Okay guys, take a deep breath and get out your measuring tape and a pencil–it’s time to draft up your skirt. The first decision you need to make is whether or not you want to make the skirt sit at your waist or your hips. If the skirt is going to sit at the hip then the pleats will not pull as much across the hem line and lie flat and smooth; if you go off your waist measurement then the pleats will pull over your wider hip measurement causing the pleats to flare out across the bottom. For this tutorial I chose to use my waist measurement.

For this pattern you need to know how long you want the skirt and your waist measurement. The length of the skirt is all up to you, in another tutorial I will be going over how to scale patterns but for now I’m going to assume that you already know how. When in doubt grab a measuring tape and hold it to your waist and then look in the mirror to see what length you like or are comfortable with. *note*: when taking your waist measurement please do not suck in your breath, just stand as you regularly would otherwise this is going to be super duper uncomfortable when you wear the skirt.

P A T T E R N:

For this pattern, you will essentially be drafting two rectangles, one long one for your skirt body, and one smaller one for your waistband.

skirt_1

{ oo1 } For the skirt body we will need two measurements: the skirt width (x) and the skirt length (y). For x all you need to do is take your waist measurement (in my case 31″) and multiply that sucker by 3″ giving me 93″. Your not done there, always remember to add your seam allowance. In my case I always use a 1/2″ seam allowance and since there are two seams on each side it means that the total seam allowance that I need to add is 1″.

Skirt Body Width (x) = ( waist/hip measurement x 3 ) + 1″

{ oo2 } Now that you have the skirt width, lets figure out the skirt length you need. I decided to make my skirt 14″, meaning the length of the total skirt is equal to the waistband + the body. I always use a default 1″ waistband, so I subtracted 1″ from 14″ giving me 13″ usable fabric for the skirt length. For this skirt I wanted to give it more body and weight across the bottom so I decided to use a thick hem of 1 1/2″ which I added to the 13″. After that I just added a 1/2″ seam allowance for sewing the skirt to the waistband giving me a total width of 15″.

Skirt Body Length (y) = ( total skirt length – waistband ) + 1 1/2″ hem allowance + 1/2″ seam allowance
skirt_2

{ oo3 } For the waist band double the 1″ width because a waistband is made by folding the fabric in half, then add two 1/2″ seam allowances for where you will attach the waistband to the skirt, giving you a length (a) of 3″. For the width (b) take your waist measurement and add 1″ for an overlap, then add two 1/2″ seam allowances and VOILA~!

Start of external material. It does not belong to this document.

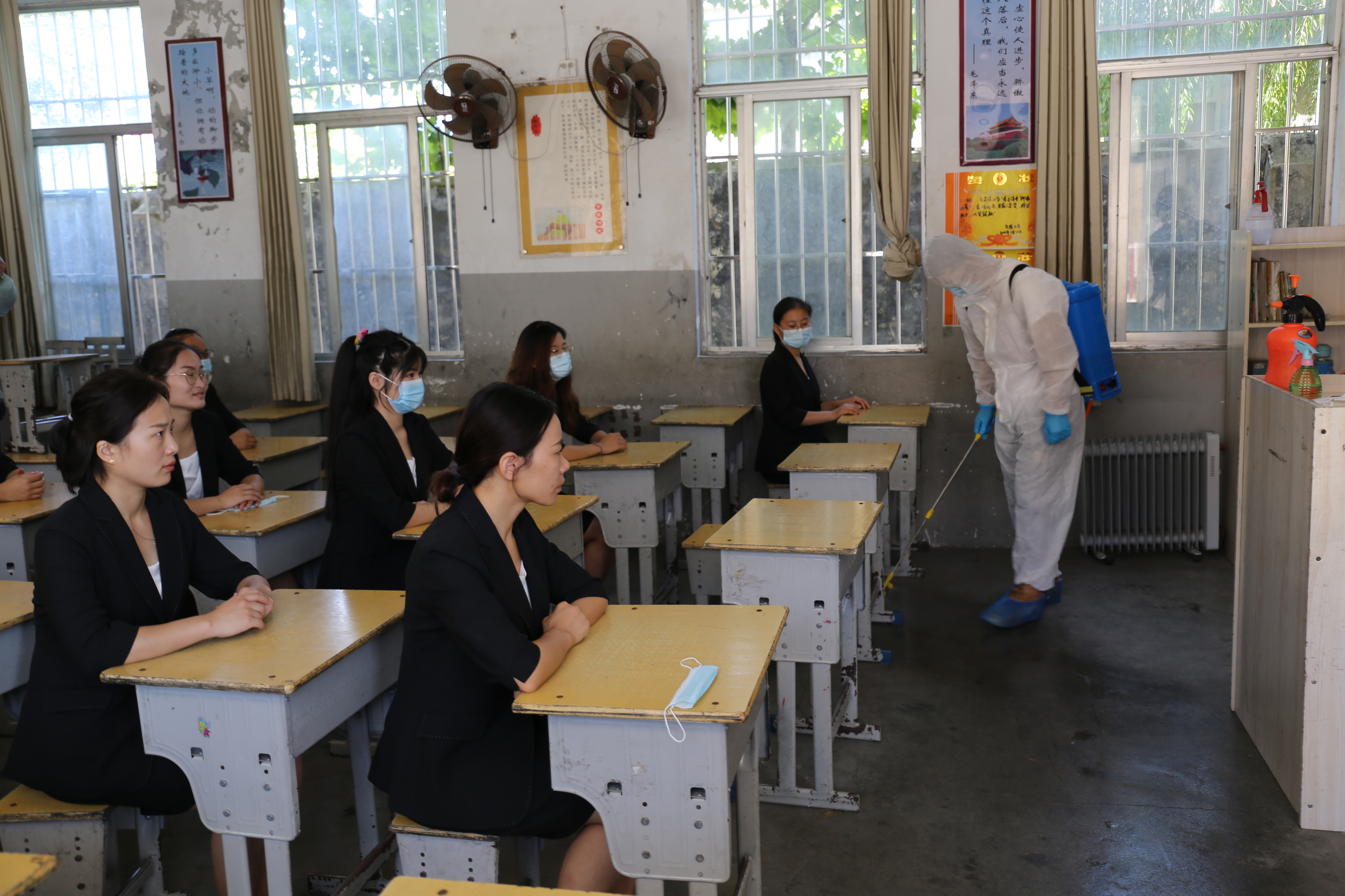圖為發(fā)現(xiàn)“發(fā)熱”學(xué)生后,消殺人員及時(shí)消毒

Your skirt pattern is now complete with:
Skirt: 1 15″ x 94″ rectangle
Waistband: 1 3″ x 33″ rectangle
skirt _3

Y A R D A G E :

Now you know what you need, how do you put it in context of yardage or how much fabric you need? Most fabric is sold in yards, which is 36″. Take the longest width and figure out how many yards you need by dividing that by 36″. Keep in mind it is ALWAYS a good idea to buy a little bit extra, because all fabric shrinks in the wash.

In order to save money and fabric, I do not reccommend buying a single length of fabric if you are making such a short skirt. Its really not worth it. I usually suggest instead making the skirt by sewing together 2 or 3 pieces depending on how much you can eke out of the yardage you bought. For instance since I need a 94″ lenghth fabric I can either sew 2 48″ pieces together (47″ + 2 1/2″ seam allowances) or 3 32″ pieces together.

What really will make the difference is the width of fabric you get, if you have a 45″ wide piece of fabric and a 15″ long skirt I would suggest using two pieces because the fabric will shrink in the wash. If you have a 60″ piece of fabric, go for the 3 pieces.

In the next part I will be going over how to assemble this sucker now, so keep your eyeballs peeled. If you have any questions please please leave a comment and I will try to answer as best I can :3! I know that I can be kind of rushed, and run through things quickly. No question is a stupid one! If you would rather ask my privately, feel free to message me on the Facebook page and I’ll be more then happy to respond there too.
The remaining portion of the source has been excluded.